Figure 6Estimates of mean wind speed, Weibull scale parameter, and power density based on random sampling of ERA5 10 m reanalysis data (black dots) across five Norwegian stations. The sampling strategy is consistent with Fig. 2. The 90 % confidence intervals (CIs) are shown as orange lines (ERA5) and grey lines (in situ observations). Red asterisks denote reference values derived from the full 16-year ERA5 10 m dataset, and grey asterisks represent the corresponding values from in situ observations. Blue shading represents ±2 % (dark) and ±5 % (light) uncertainty margins around ERA5 10 m reference values, while grey shading indicates the same margins around in situ reference values.

Download

These differences influence sample size requirements.
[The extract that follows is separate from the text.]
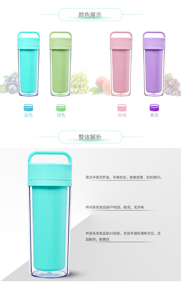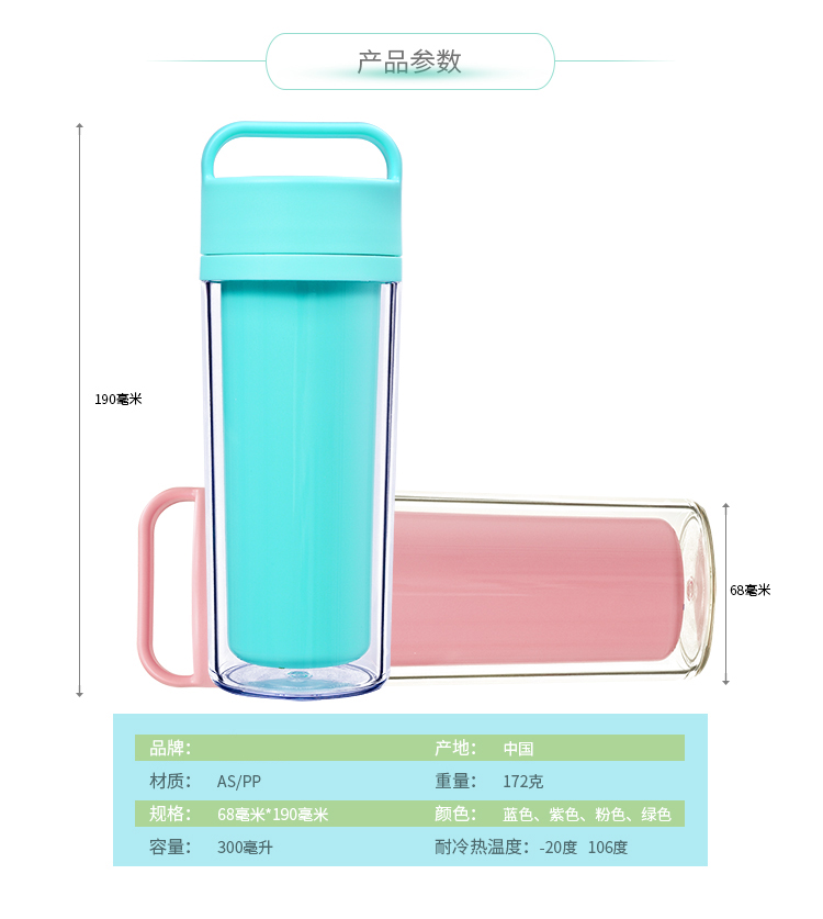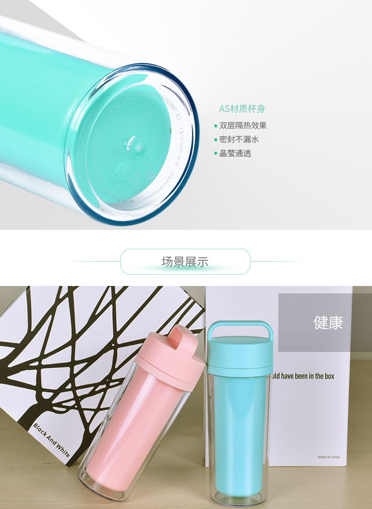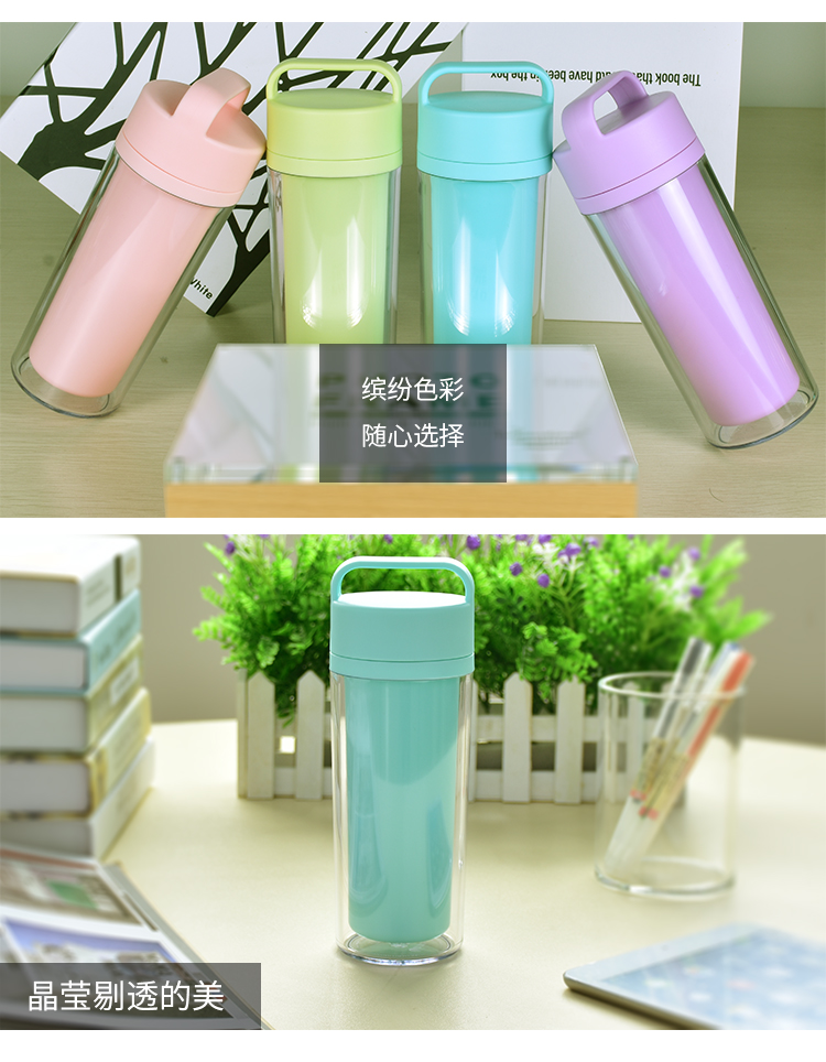 運(yùn)動水杯 便攜防漏隨手杯 學(xué)生杯子 情侶創(chuàng)意水杯子 雙層塑料杯子 300ml

For the mean, standard deviation, Weibull scale, and power density, ERA5 (10 m) generally required fewer data points to achieve the same error margin thresholds (Table S3). However, for tail-sensitive parameters like shape, skewness, and kurtosis, ERA5 requires a larger sample size. Additionally, ERA5 showed lower inter-station variability, as indicated by overlapping percent error curves (Figs. S11–S12). The equations used to estimate percent errors under different sample sizes for ERA5 10 m are summarized in Table S4.

We further analysed the ERA5 100 m dataset, which aligns more closely with hub heights. As shown in Figs. S13–S14, most parameters had similar data density requirements compared to those of the ERA5 10 m dataset, though it can vary by station. For instance, SN42160 had the highest error in the 10 m dataset, while SN35860 showed nearly double the error under the same density. Table S5 summarizes the required sample sizes, showing broadly similar patterns across both heights, but the 100 m dataset consistently required more data for the shape parameter. The equations used to estimate the required sample sizes for ERA5 100 m are summarized in Table S6.
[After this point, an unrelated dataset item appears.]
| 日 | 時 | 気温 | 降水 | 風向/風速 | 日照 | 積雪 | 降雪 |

4 Discussions and implications

4.1 Sensitivity to sampling strategy and climatic non-stationarity

In wind energy assessments, continuous sampling is more commonly used than random sampling because it preserves the temporal structure and seasonal variability in wind speed time series, and, most importantly, only long-term data are not available. However, continuous sampling may also introduce systematic bias, particularly over short durations, due to temporal autocorrelation and underlying climatic non-stationarity. To investigate the extent of this effect and to assess the generalizability of random sampling, we conducted a sensitivity analysis using 46 years (1979–2024) of hourly wind speed data from two coastal meteorological stations: Copenhagen Airport (061800–99999, Denmark) and Leuchars (031710–99999, Scotland). These sites were chosen for their long-term records and meteorological similarity compared to the five Norwegian locations analysed earlier. Copenhagen station exhibits a long-term decreasing wind speed trend (Fig. S1), consistently with broader global observations (Zeng et al., 2019).

Our results show that continuous sampling generally requires significantly longer periods to achieve the same level of uncertainty in estimated distribution parameters compared to random sampling (Fig. 7). This discrepancy arises because random sampling draws from multiple years, thereby capturing a wider range of interannual variability and reducing exposure to temporal clustering. Consequently, the 90 % confidence intervals (CIs) under random sampling are symmetric for all parameters, while, under continuous sampling, only the CIs for mean wind speed, Weibull scale parameter, and power density are symmetric. Shape-sensitive parameters, including standard deviation, skewness, kurtosis, and especially the Weibull shape parameter, exhibit pronounced asymmetries under continuous sampling, particularly at short durations (<2 years). This suggests that the presence of systematic climatic anomalies in continuous subsets may bias shape estimation.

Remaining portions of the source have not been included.